Retype the material that follows exactly, limited to the lines from the one with "这杯很好喝哦!液体蛋糕的感觉" through the one with "Himbeersorbet in Bowlegläsern", and keep out all pictures.

• _DATA SHOWN_:
*****

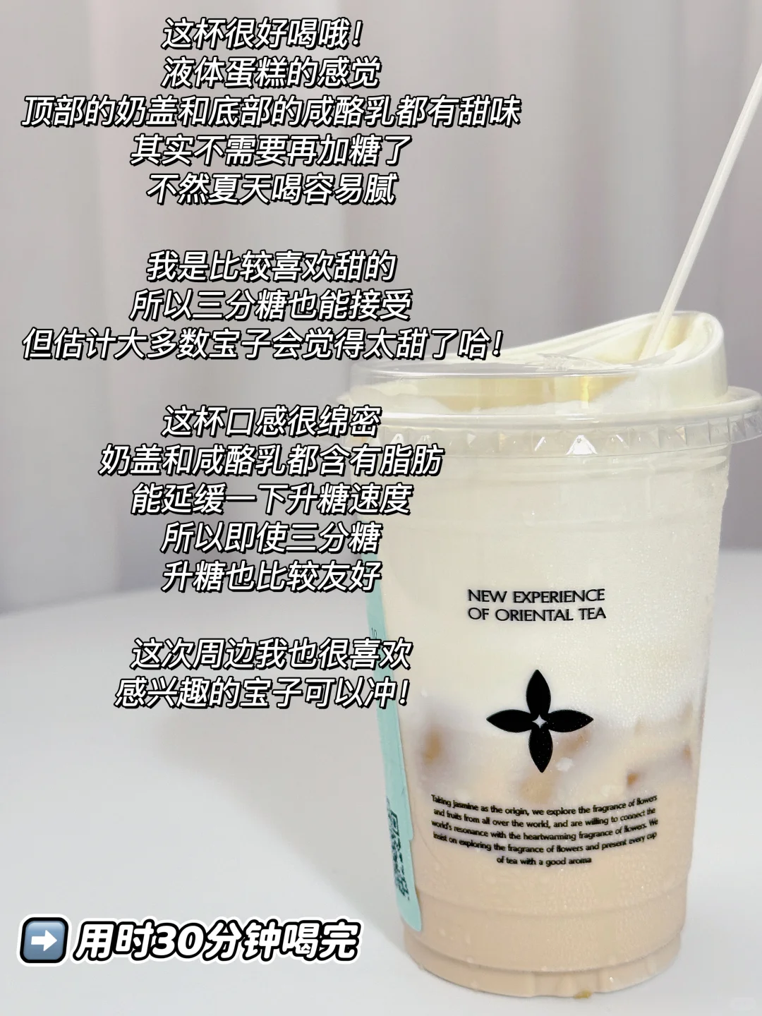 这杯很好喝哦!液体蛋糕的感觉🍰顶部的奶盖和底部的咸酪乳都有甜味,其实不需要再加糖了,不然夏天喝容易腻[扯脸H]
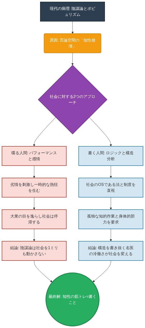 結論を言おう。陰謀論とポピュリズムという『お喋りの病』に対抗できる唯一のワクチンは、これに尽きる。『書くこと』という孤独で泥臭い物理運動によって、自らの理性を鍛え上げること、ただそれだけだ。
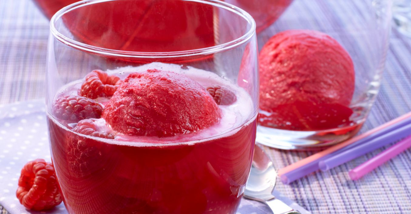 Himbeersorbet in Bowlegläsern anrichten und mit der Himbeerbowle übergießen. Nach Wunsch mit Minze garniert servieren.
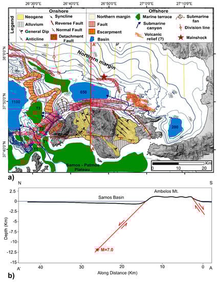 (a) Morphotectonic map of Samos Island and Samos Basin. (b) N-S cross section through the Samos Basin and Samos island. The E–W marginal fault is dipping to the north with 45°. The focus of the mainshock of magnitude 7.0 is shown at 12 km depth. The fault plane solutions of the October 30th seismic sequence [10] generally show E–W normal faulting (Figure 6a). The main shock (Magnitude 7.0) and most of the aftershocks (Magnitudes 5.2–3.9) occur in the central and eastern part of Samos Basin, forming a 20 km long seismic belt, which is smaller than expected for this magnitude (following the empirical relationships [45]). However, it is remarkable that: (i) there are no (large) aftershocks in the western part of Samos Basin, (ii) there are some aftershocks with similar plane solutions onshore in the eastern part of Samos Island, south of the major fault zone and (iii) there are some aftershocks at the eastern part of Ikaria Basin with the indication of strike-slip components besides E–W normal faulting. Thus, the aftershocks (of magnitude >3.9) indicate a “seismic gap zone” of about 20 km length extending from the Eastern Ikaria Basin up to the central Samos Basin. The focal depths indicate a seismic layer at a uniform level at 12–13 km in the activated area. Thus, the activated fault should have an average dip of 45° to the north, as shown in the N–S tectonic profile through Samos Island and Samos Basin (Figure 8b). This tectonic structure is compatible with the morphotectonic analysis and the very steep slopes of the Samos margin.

*****

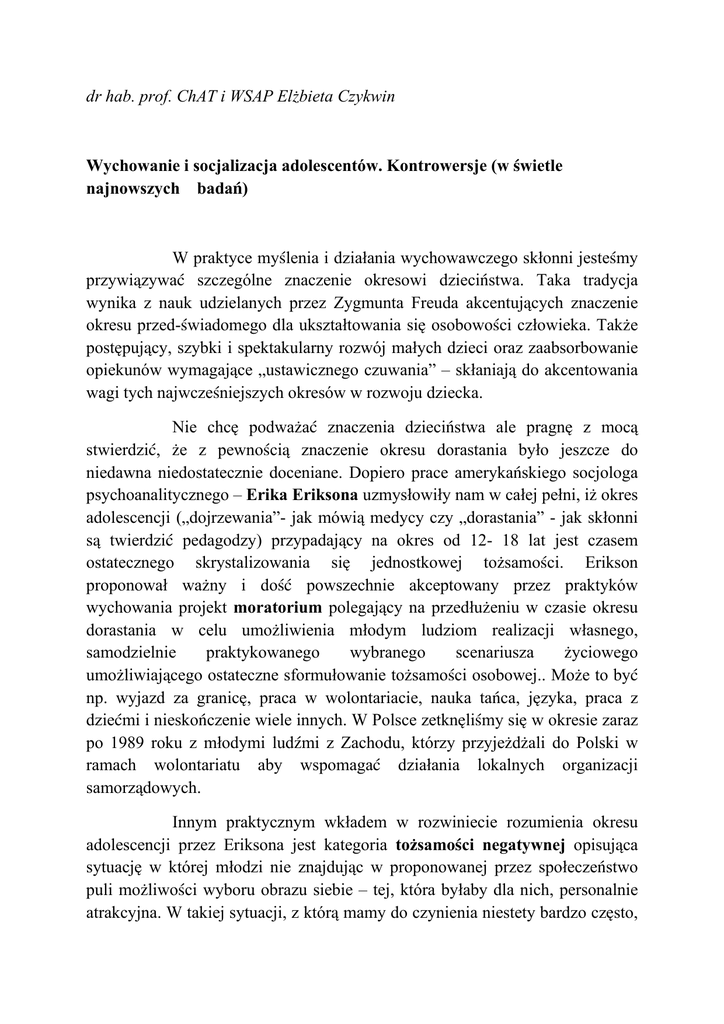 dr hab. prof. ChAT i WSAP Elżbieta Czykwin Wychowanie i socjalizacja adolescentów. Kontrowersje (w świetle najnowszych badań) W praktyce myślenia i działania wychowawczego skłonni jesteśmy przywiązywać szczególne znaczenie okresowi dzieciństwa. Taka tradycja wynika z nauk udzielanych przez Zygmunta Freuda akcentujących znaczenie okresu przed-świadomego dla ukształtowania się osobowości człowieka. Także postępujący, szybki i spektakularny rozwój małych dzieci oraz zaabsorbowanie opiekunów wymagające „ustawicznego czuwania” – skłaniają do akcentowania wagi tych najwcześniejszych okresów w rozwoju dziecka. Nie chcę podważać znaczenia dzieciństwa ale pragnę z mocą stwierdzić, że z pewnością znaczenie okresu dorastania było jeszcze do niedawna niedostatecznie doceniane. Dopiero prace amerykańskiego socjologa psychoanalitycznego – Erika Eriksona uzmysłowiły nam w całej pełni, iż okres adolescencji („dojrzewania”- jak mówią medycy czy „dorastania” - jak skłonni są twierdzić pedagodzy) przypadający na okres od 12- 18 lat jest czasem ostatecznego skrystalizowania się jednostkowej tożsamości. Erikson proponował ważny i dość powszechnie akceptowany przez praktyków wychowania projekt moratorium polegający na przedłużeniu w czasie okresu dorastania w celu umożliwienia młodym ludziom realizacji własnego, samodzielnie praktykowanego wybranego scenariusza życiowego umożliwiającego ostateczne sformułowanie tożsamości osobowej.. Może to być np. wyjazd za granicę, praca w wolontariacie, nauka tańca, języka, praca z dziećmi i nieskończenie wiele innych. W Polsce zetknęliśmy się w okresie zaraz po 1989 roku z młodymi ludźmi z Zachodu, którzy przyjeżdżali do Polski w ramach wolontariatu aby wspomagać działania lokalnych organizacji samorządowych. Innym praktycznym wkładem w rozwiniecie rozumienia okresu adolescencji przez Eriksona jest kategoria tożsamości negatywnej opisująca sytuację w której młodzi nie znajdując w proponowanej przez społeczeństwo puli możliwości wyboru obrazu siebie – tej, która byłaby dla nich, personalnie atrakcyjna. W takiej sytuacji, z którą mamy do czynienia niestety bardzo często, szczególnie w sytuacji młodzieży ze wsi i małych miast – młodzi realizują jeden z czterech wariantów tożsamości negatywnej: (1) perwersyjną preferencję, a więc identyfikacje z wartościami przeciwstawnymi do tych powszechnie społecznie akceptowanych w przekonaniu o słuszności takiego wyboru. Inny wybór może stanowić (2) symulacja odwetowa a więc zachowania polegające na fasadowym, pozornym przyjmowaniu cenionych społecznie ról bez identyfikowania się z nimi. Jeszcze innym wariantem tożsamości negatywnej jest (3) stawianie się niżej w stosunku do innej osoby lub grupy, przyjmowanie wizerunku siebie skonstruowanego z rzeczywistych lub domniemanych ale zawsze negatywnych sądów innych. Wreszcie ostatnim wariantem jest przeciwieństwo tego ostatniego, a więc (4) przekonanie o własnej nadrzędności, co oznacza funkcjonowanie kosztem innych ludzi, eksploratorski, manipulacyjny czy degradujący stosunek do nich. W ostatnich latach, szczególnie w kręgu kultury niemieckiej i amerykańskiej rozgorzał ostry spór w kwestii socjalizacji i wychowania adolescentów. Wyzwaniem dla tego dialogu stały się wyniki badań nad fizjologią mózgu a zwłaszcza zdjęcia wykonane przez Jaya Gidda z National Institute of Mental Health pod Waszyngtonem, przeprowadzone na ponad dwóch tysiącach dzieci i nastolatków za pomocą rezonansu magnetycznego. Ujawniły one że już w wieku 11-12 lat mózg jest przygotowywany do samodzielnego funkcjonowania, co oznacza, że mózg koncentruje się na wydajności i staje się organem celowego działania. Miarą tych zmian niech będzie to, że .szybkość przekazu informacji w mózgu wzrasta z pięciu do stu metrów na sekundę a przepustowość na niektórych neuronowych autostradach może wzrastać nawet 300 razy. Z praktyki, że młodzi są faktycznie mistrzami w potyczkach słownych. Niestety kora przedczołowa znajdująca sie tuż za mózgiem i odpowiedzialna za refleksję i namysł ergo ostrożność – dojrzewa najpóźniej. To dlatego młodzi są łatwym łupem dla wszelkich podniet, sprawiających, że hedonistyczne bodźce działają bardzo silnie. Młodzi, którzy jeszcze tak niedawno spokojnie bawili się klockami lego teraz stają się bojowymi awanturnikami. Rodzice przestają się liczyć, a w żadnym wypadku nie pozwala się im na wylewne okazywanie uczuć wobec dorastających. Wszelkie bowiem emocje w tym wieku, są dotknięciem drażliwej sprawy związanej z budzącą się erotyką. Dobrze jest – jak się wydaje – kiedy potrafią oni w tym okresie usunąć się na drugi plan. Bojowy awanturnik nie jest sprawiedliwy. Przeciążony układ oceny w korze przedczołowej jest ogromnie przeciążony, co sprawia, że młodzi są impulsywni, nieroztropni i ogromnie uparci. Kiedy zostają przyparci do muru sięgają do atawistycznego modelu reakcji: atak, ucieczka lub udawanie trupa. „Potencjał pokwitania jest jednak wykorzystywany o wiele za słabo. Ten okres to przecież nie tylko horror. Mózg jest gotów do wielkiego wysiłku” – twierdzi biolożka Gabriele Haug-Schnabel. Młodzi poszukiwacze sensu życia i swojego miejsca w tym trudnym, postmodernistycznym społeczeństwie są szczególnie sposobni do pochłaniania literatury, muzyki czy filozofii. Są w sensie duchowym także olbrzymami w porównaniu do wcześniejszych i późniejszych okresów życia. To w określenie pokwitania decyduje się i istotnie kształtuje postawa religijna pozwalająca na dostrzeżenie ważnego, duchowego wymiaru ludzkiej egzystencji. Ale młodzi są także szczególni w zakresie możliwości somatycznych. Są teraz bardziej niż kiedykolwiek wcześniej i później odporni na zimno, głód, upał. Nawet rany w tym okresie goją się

*****

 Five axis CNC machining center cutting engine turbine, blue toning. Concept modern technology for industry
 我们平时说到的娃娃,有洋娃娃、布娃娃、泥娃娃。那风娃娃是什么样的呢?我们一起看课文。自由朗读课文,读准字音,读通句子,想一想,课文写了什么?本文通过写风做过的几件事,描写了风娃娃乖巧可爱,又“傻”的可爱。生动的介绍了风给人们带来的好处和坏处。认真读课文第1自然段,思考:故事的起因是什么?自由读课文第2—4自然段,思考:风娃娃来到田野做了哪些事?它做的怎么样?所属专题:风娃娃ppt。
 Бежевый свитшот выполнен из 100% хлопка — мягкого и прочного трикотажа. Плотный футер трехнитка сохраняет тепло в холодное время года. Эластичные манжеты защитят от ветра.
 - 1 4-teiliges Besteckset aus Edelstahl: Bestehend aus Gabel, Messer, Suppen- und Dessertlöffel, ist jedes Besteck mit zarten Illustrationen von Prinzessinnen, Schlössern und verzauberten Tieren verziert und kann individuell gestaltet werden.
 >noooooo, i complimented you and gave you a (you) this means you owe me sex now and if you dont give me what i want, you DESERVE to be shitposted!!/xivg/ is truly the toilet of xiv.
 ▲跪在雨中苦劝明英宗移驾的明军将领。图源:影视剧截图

*****

• _SOLUTION FOR THIS TASK_:
 这杯很好喝哦!液体蛋糕的感觉🍰顶部的奶盖和底部的咸酪乳都有甜味,其实不需要再加糖了,不然夏天喝容易腻[扯脸H]
 結論を言おう。陰謀論とポピュリズムという『お喋りの病』に対抗できる唯一のワクチンは、これに尽きる。『書くこと』という孤独で泥臭い物理運動によって、自らの理性を鍛え上げること、ただそれだけだ。
 Himbeersorbet in Bowlegläsern anrichten und mit der Himbeerbowle übergießen. Nach Wunsch mit Minze garniert servieren.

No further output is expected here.